OCC has added California Public Employees’ Retirement System (Calpers) to its list of committed lenders, along with its existing base of banks and broker-dealers to help ensure that sufficient capacity is maintained at all times. This is critical to central counterparties such as OCC, which now has a third of its liquidity committed and pre-funded through Calpers.

“This new and innovative approach to liquidity has the benefit of diversifying our dependence on banks while their committed facilities contract as they undergo their own regulatory pressures,” McClain said at the Options Industry Conference in Miami in May. “Increasing our total resources through this innovative solution will facilitate the growth of the US options industry and the futures markets that we serve while also enhancing OCC’s resiliency.”

Scenario building

In addition to RCSA, OCC engages in scenario analysis, under which it systematically obtains opinions from business managers to derive assessments of the likelihood of plausible, high-severity operational events. 

Sometimes scenario building yields unexpected dividends, as happened in the late 1990s when Grace, who was then market risk manager for North American consumer banking at Citigroup, and his team were preoccupied with developing contingency plans for the Y2K bug and what could have happened if the payment systems were affected.

As it turned out, the plans were not required on January 1, 2000, but they were needed the day after the 9/11 terrorist attacks in 2001, when much of lower Manhattan and the large settlement banks were cut off. "We had our contingency action plan that we had developed for another event we thought would impact the payment systems and we were able to pull it off the shelf," says Grace.

One of the emerging areas of clearing house risk that OCC has had to deal with is the financial risk posed by trading errors in financial markets involving direct-access automated trading systems creating erroneous trades that result in significant financial losses to qualifying clearing member firms and their customers. 

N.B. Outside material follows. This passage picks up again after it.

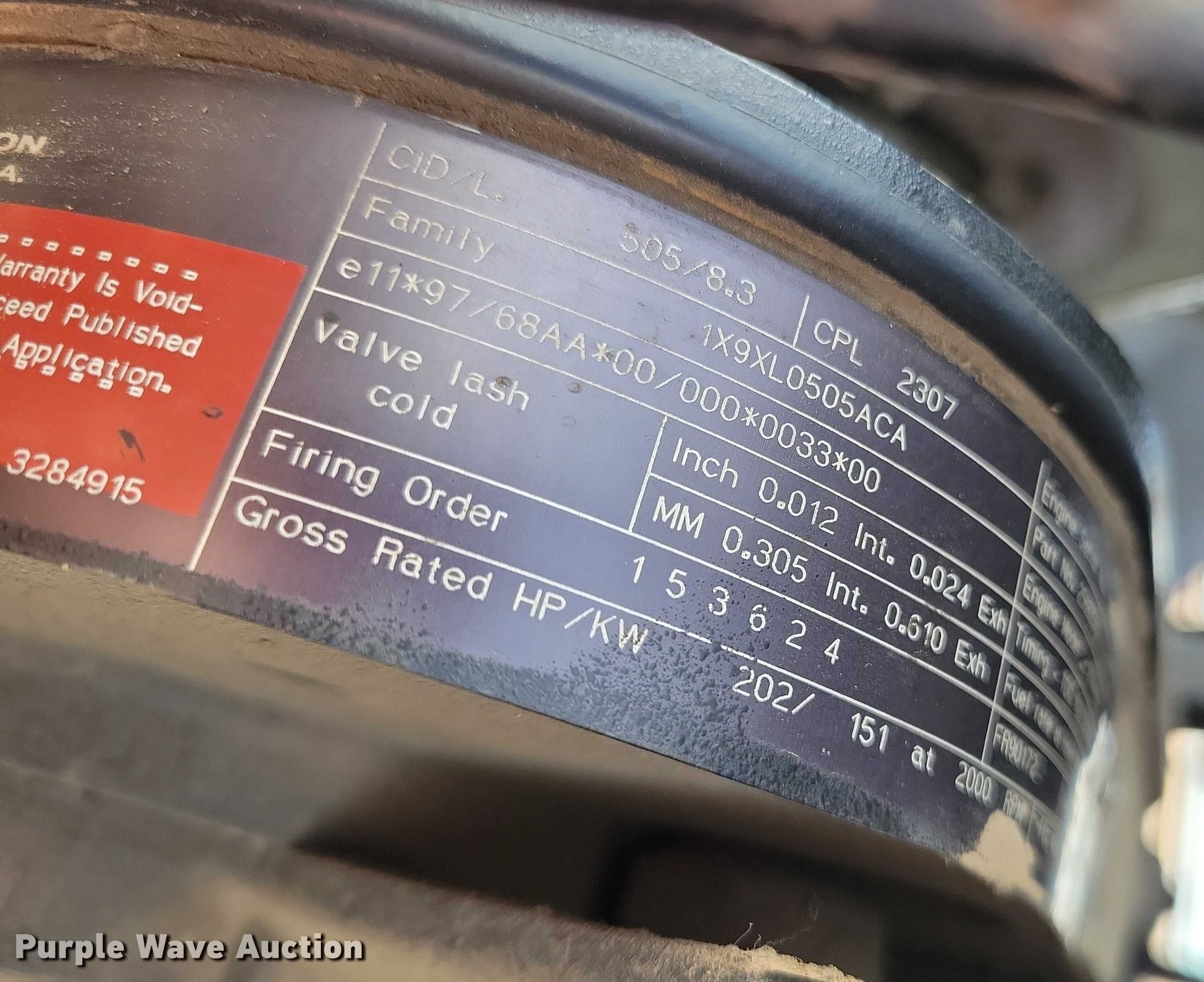 2001 Case IH MX200 tractor. Hours: 3,647 on meter, Serial: X2002C4JJA0111529. Engine Cummins 6TAA-830, Serial: 46104371, Displacement: 8.3L, Cylinders: 6, Fuel type: Diesel, HP: 202, kW: 151. Transmission Powershift, 18F - 4R, Differential lock. Operators station AC, Heat. Features PTO: 1000, Three point Top link, Quick attach, Seven pin outlet, Hydraulic remote sets Rear: 3. Tires Front: 14L-16.1SL, Rear: 18.4R42, Wheel weights: 2, Duals. Notes Transmission issues Non-operational gears,1 through 6, Non-operational reverse.1 and 2, Hydraulic leak. Behnken Farms. Massena, IA 50853

OCC and US options exchanges last year agreed on risk control standards designed to reduce the risk of errors or unintended activity that could cause or contribute to a financial loss to market participants and OCC. “What we tried to do is build a framework that wasn’t prescriptive,” OCC’s Fennell said during a podcast earlier this year. “It was intended to allow each of the different markets with their different execution models to be able to thrive but at the same time have sound controls in place.”

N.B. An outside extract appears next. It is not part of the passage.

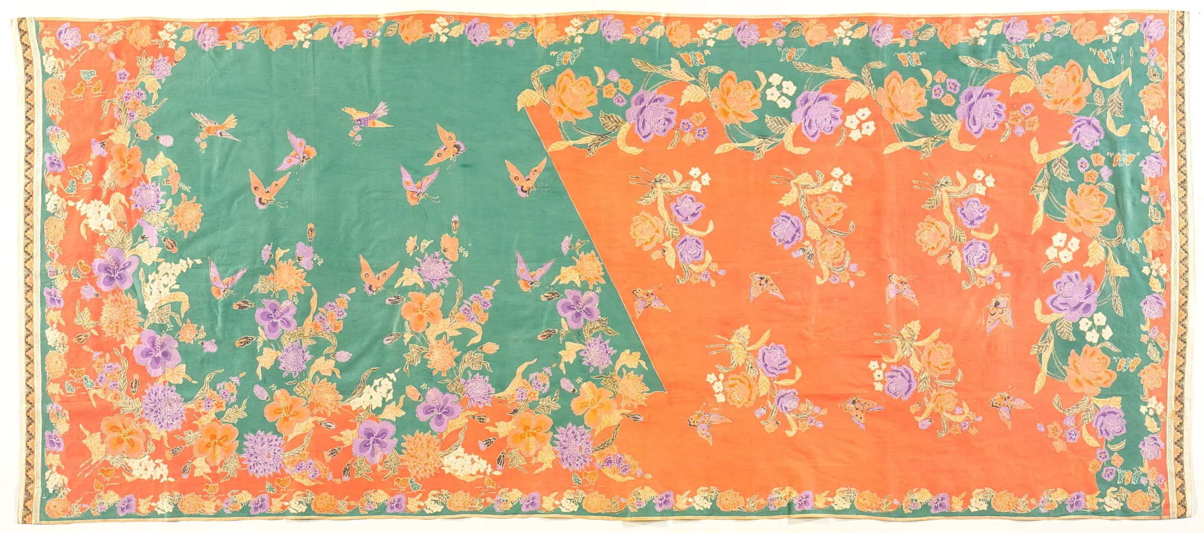 - Hand-drawn wax resist (batik) on machine-woven cotton, synthetic dyes, waxed signature

The standards will be implemented through an OCC rule that will apply a principles-based approach to options transactions. The rule goes into effect June 2016. “We are in the process of rolling out an examination process to make sure each of the exchanges has activity-based controls, pre-trade price reasonability, drill-throughs and kill switches,” said Fennell. “We’re going to be evaluating what the exchanges have in place, and we’re going to be very public about which exchanges are meeting the bar and which ones aren’t.”